Bikers in general don't bother me. Just hate tailgaters and weavers.


----------



## Trev (Nov 1, 2003)

Initial P! said:


> Does look a little sped up at times now you say that.
> Bikers in general don't bother me. Just hate tailgaters and weavers.


Firstly - where the hell was the Police?

Secondly - what a pair of c**ks.

:GrowUp:


----------



## Mikeydinho (Jan 30, 2009)

Yar dis disco tech good yar. What a bellend.


----------



## Nigel-Power (Dec 16, 2009)

This video does not seem to be fake or speeded up, it looks genuine to me. it's typical of the madness you'd see on the roads of Moscow, I have been there many times and have seen the madness both in terms of driving and biking first hand. Once a couple of years ago I landed at Shermitova Airport and took one of the Lada taxi's and once we were on the way on the highway, the lada came to a halt, we are in the middle lane of the hightway, the driver comes out of the car and pops the bonnet to have a look what's wrong :chuckle: while cars flying past us at speeds of 50-70 mph. I was sitting at the back seat holding on to dear life scared that some car will ram into us. They do crazy things there I tell ya. There is no such thing as lane discipline, everyone drives everywhere, some decide to drive in between lanes even. I'm surprised in the video the traffic looked more disciplined than I have ever witnessed.


----------



## nick the tubman (Jun 28, 2006)




----------



## andyc (Jul 22, 2007)

Stupid driving, but how slow is that Lotus!


----------



## Initial P! (Oct 27, 2009)

Think nearly everything would look slow against that lambo. Amazes me that people with cars that are clearly 10 tiers below in performance keep trying it on and seem to think they're putting in a noble effort. Why would you record yourself getting raped for performance???:chuckle: Unless he just thinks the dodgy driving is something to behold!


----------



## Nigel-Power (Dec 16, 2009)

R32 Combat said:


> Reminds me of why I hate motorcyclists.
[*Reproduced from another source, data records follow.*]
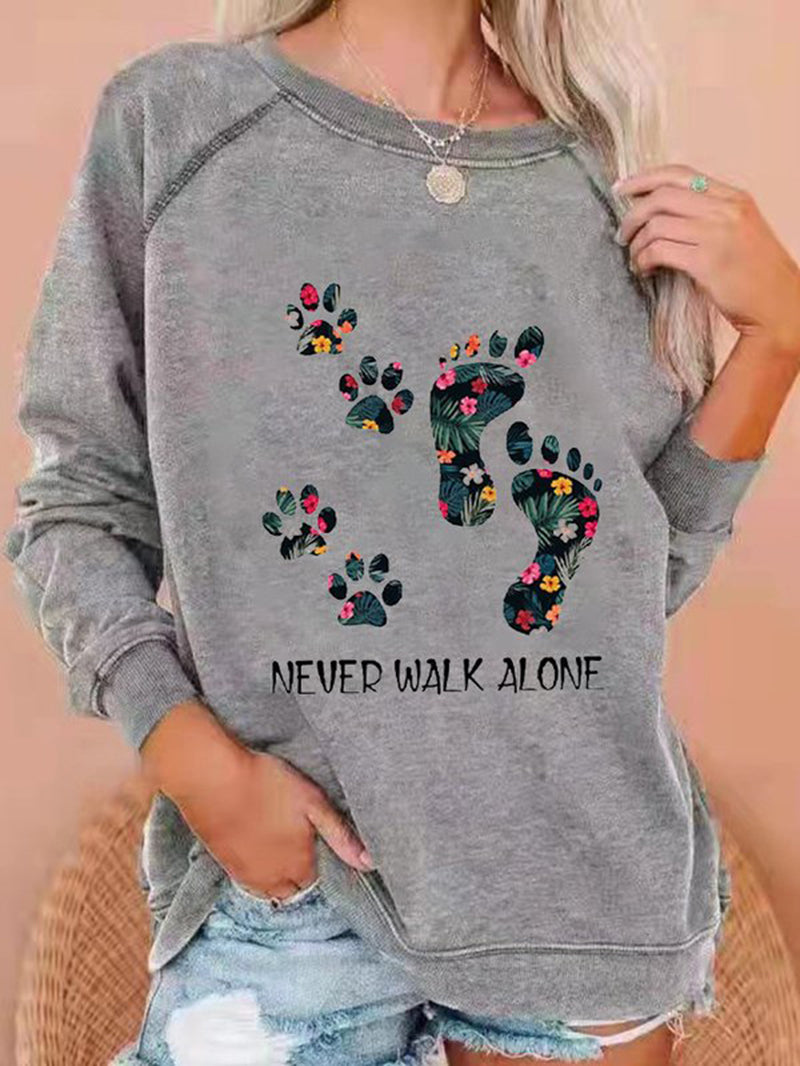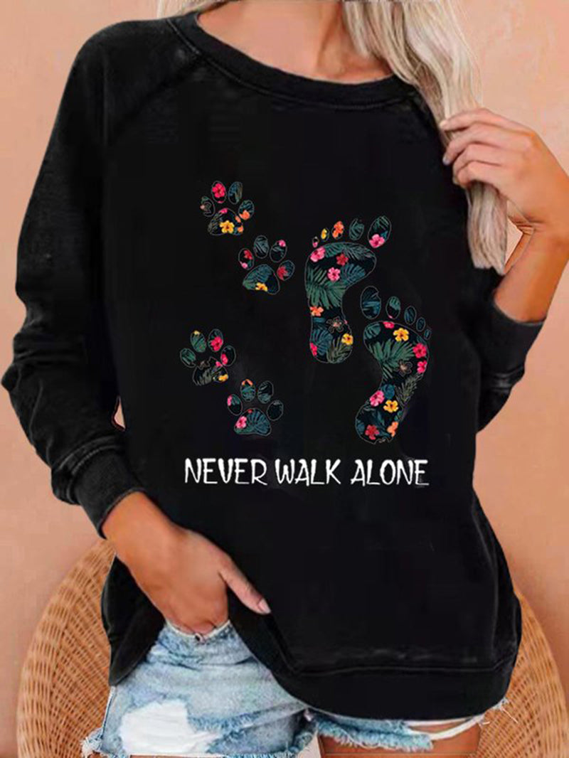 NEVER WALK ALONE Dog Paw Printed Hoodies & Sweatshirt
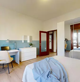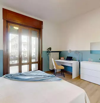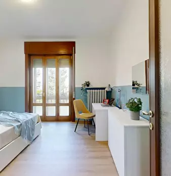 AFFITTO POSTO LETTO in una camera con due letti separati. La camera è spaziosa, è arredata con due armadi e scrivania ed ha un bagno con doccia e lavatrice. Questo posto letto puo' utilizzare anche il soggiorno, la cucina arredata con elettr...
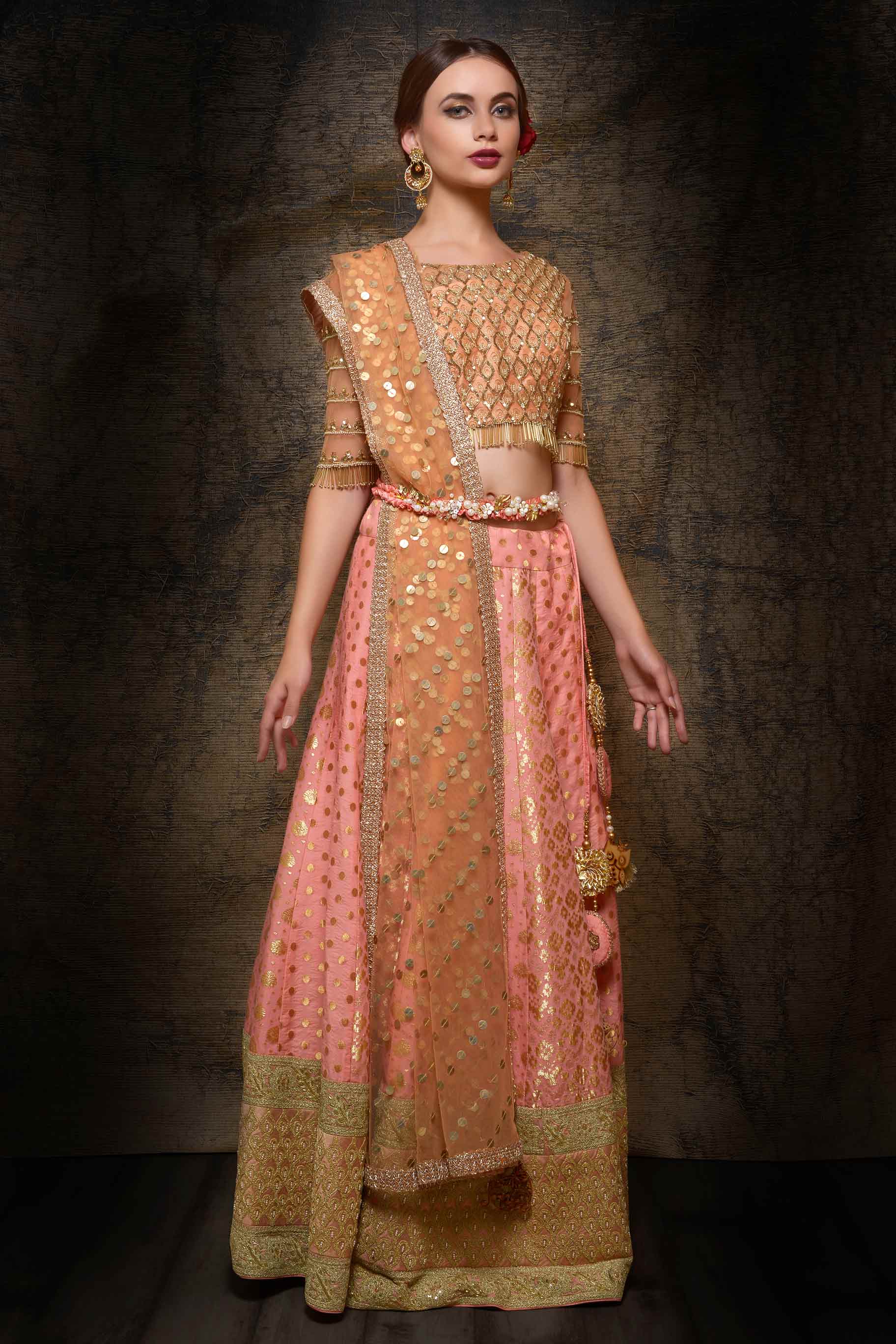 Radiate elegance in soft pink embroidered lehenga choli with dupatta at weddings and special occasions! The lehenga is adorned with dull and bright dori work while blouse is crafted with sequins and pipe tassels. It comes with a matching peach net dupatta with sequins and nakshi border. Shop online at Pure Elegance or visit our store in USA!
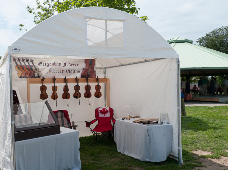 We arrived in Goderich Thursday afternoon and had the booth set up by mid-evening. Friday was quite busy, with many artists and College participants coming by and playing the instruments. The Pyramid violin was particularly intriguing to many people. Saturday was a bit slower, but with steady traffic all day. Sunday was variable, with a quiet afternoon but flurries of activity.
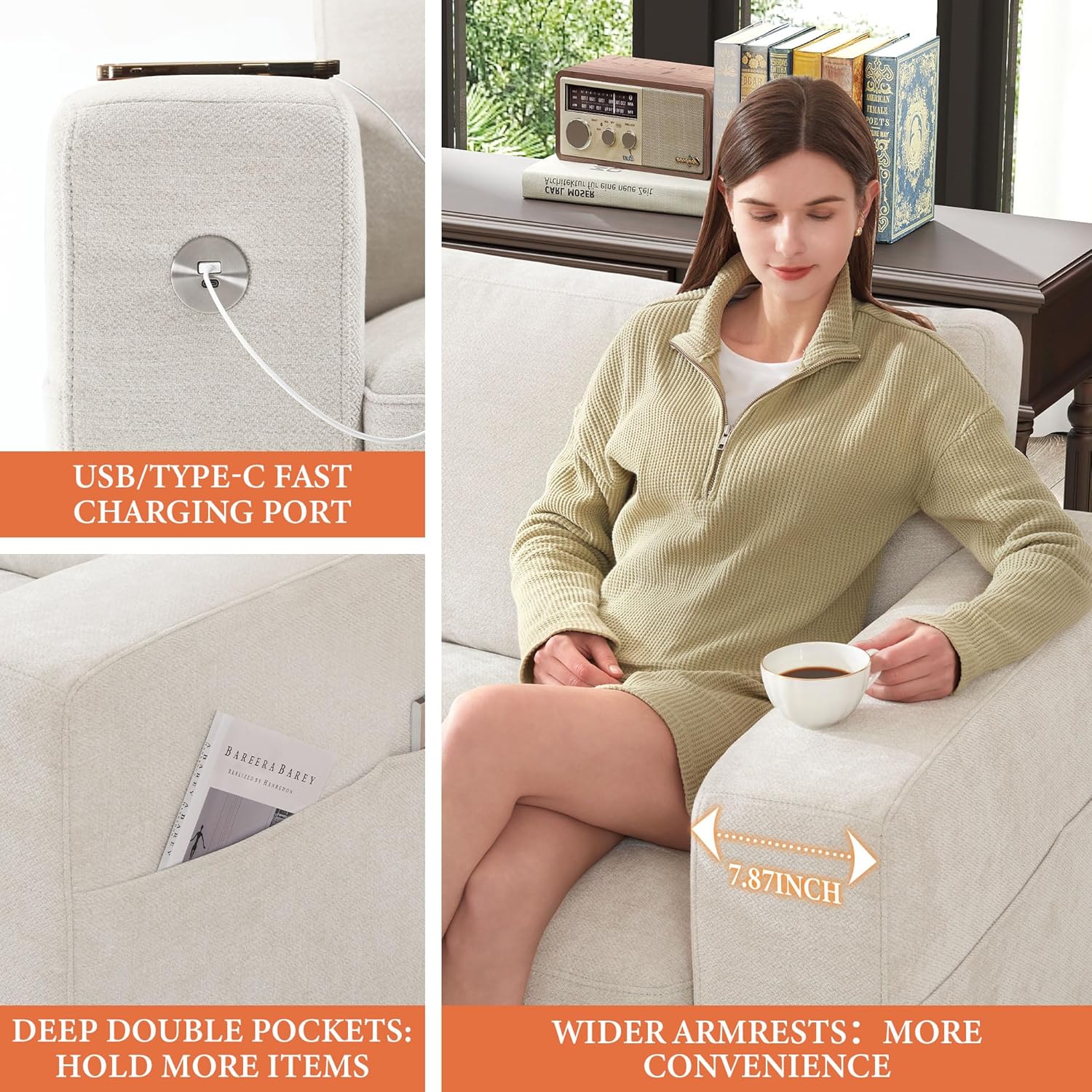 - 【Cloud Couch】The surface of the sofa is wrapped in high-quality chenille fabric, which is skin-friendly and breathable. The thick cushion is made of double-layer high-elastic sponge and fluffy fillment, making it more comfortable and soft. Experience the ultimate comfort of the sofa that feels like sitting on a cloud when resting.
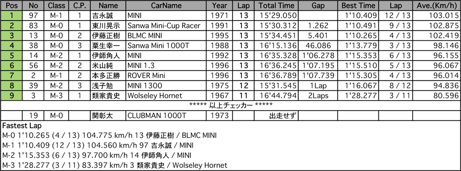 | MINI-CUP(決勝) Weather :晴れ Track :ドライ[▲TOP] |
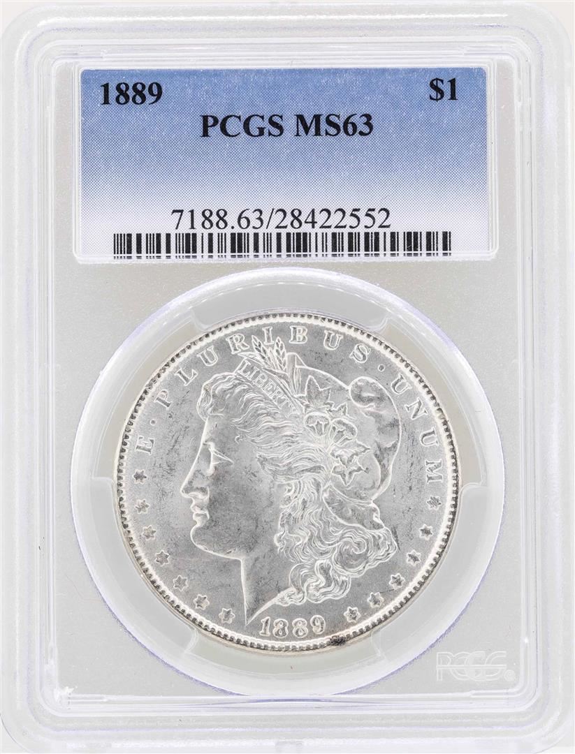 One 1889 $1 Morgan Silver Dollar Coin PCGS MS63. PCGS Graded.
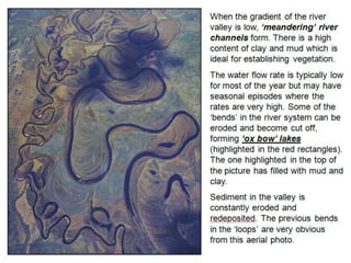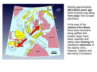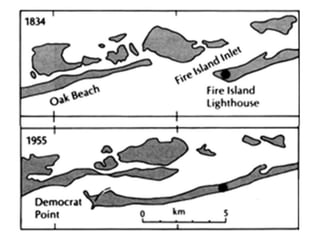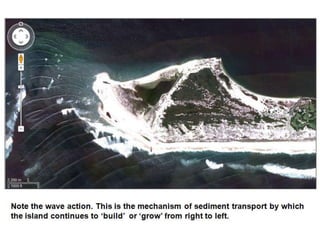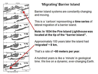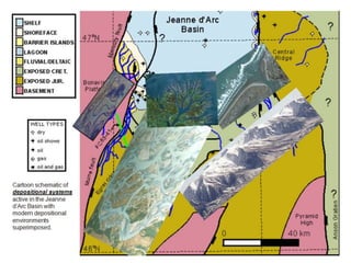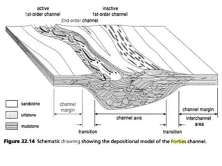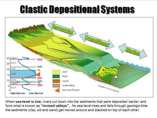 The document discusses the processes involved in the deposition and formation of reservoir rocks, illustrating how erosion, sediment movement, and stratification occur in various environments, including clastic shorelines and river deltas. It emphasizes the importance of understanding ancient depositional environments in locating oil and gas reserves, linking modern geological features to their older counterparts. Additionally, it highlights the role of organic matter and sedimentary layering in the creation of viable sources for fossil fuels.
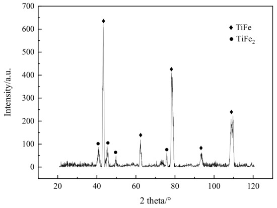 The XRD measurement of the weld bead was conducted for the phase determination, and the result is shown in Figure 4. Obviously, the weld bead was mainly composed of TiFe and TiFe2, which were brittle intermetallics and easily fractured due to the tensile stress during the cooling stage [15].
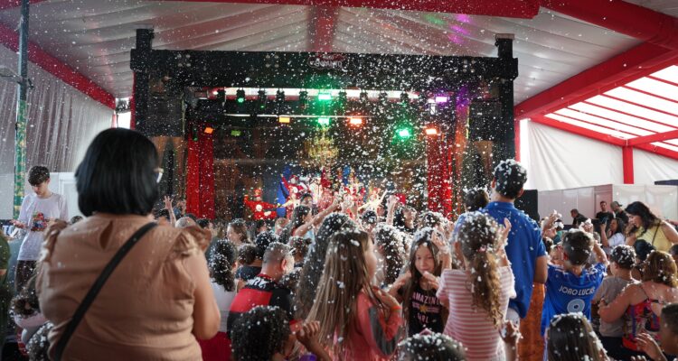 A chegada do Papai Noel e a apresentação do espetáculo musical Christmas Show encantou as famílias na manhã de sábado (13)
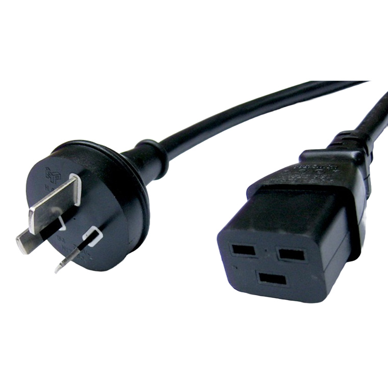 RackPower CM3NC200-22 15A 3 pin plug to 16A C19 IEC socket on 2m 2.5mm2 black lead
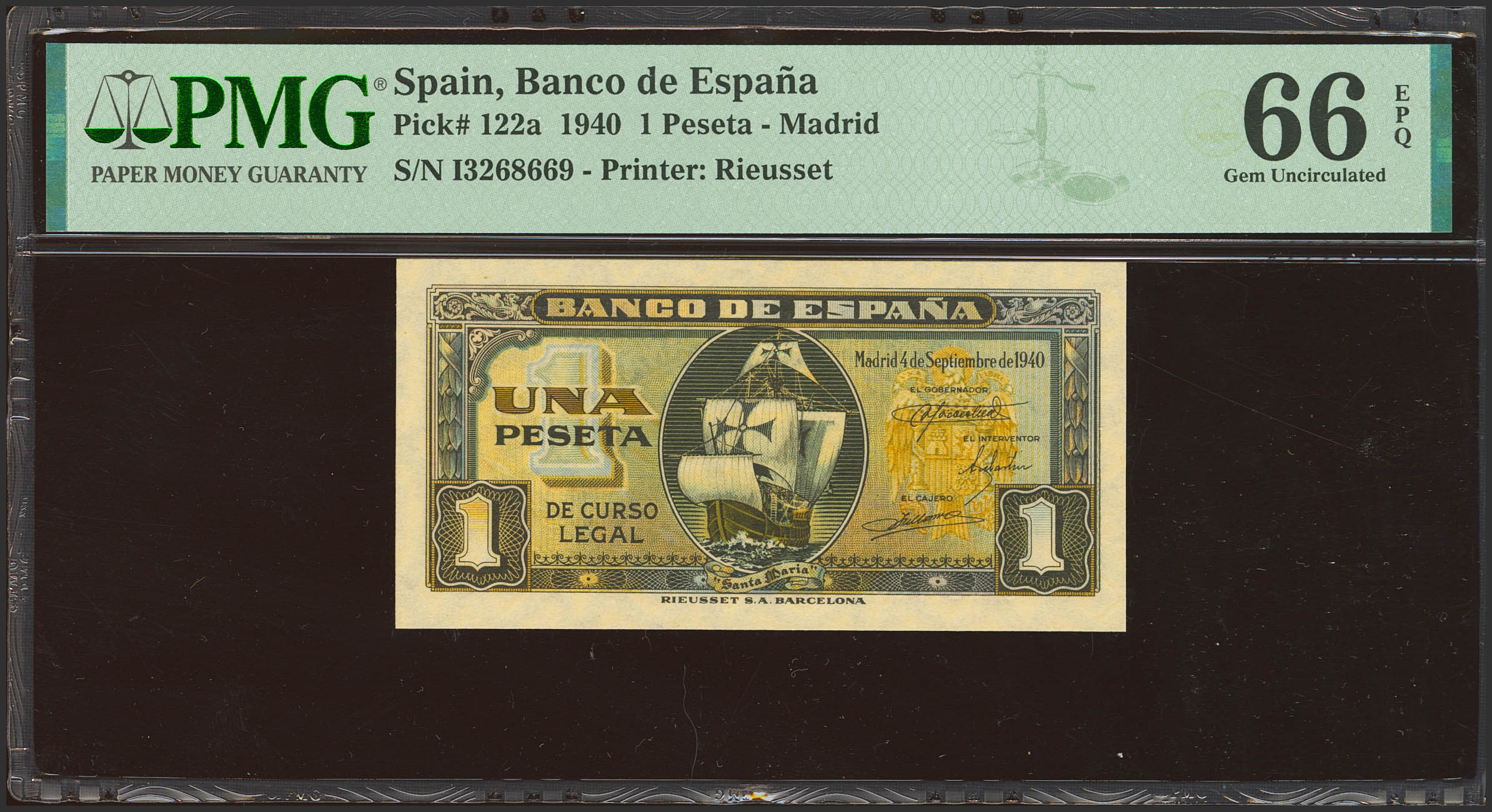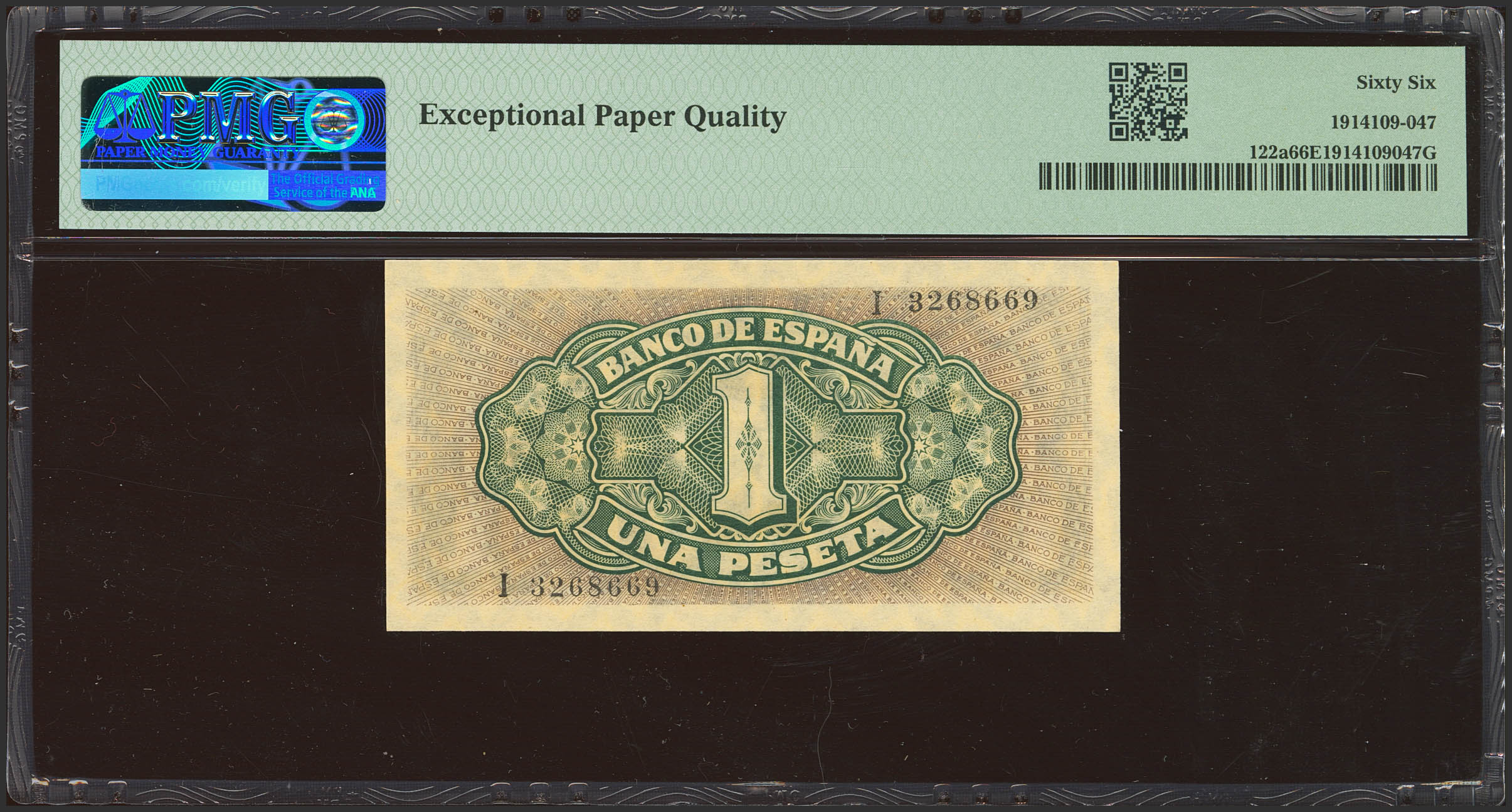 1 Pesetas. 4 de Septiembre de 1940. Serie I, última serie emitida. (Edifil 2023: 442b, Pick: 122a). Inusual en esta calidad, apresto original. SC. Encapsulado PMG66EPQ.
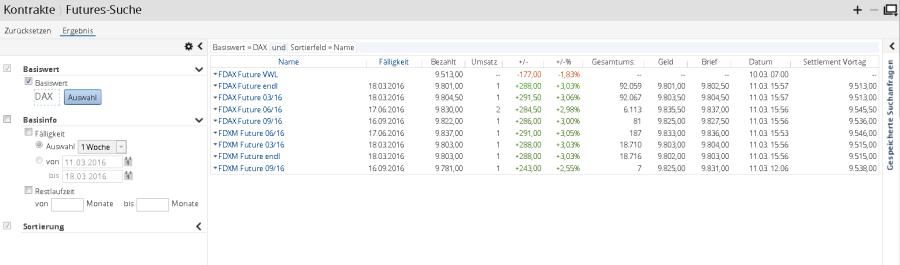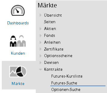 - Wählen Sie dort im Navigator den Menüeintrag "Kontrakte", "Futuressuche".
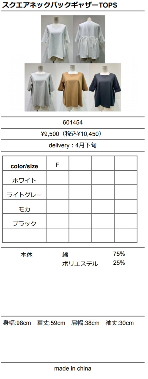 CYANtokyo スクエアネックバックギャザートップス【601454】

Not all bikers are stupid and a nuisance as they seem, I have had bikes since a young age and I must point out that being considerant for other road users is at upmost consideration for sensible bikers. I believe having experience on riding powerful bikes makes one a much better and safer driver as well. A few idiots should not represent the general motorcyclist community, mostly it's cars which cause danger on the road both for bikes and other motorists. Specially women drivers who are just "blind" and unaware of what's around them. Jump on a bike and experience what it's like out there. You will see how motorists are so inconsiderate of your presence on the road. I actually dislike a lot of careless motorists as it were, and there are plenty of them on the road.


----------



## David-R (Feb 25, 2010)

First vid reminds me of ghost riders lunacy! 

YouTube - Ghost Rider - **** Police


----------



## Fuggles (Jul 3, 2001)

posted before


----------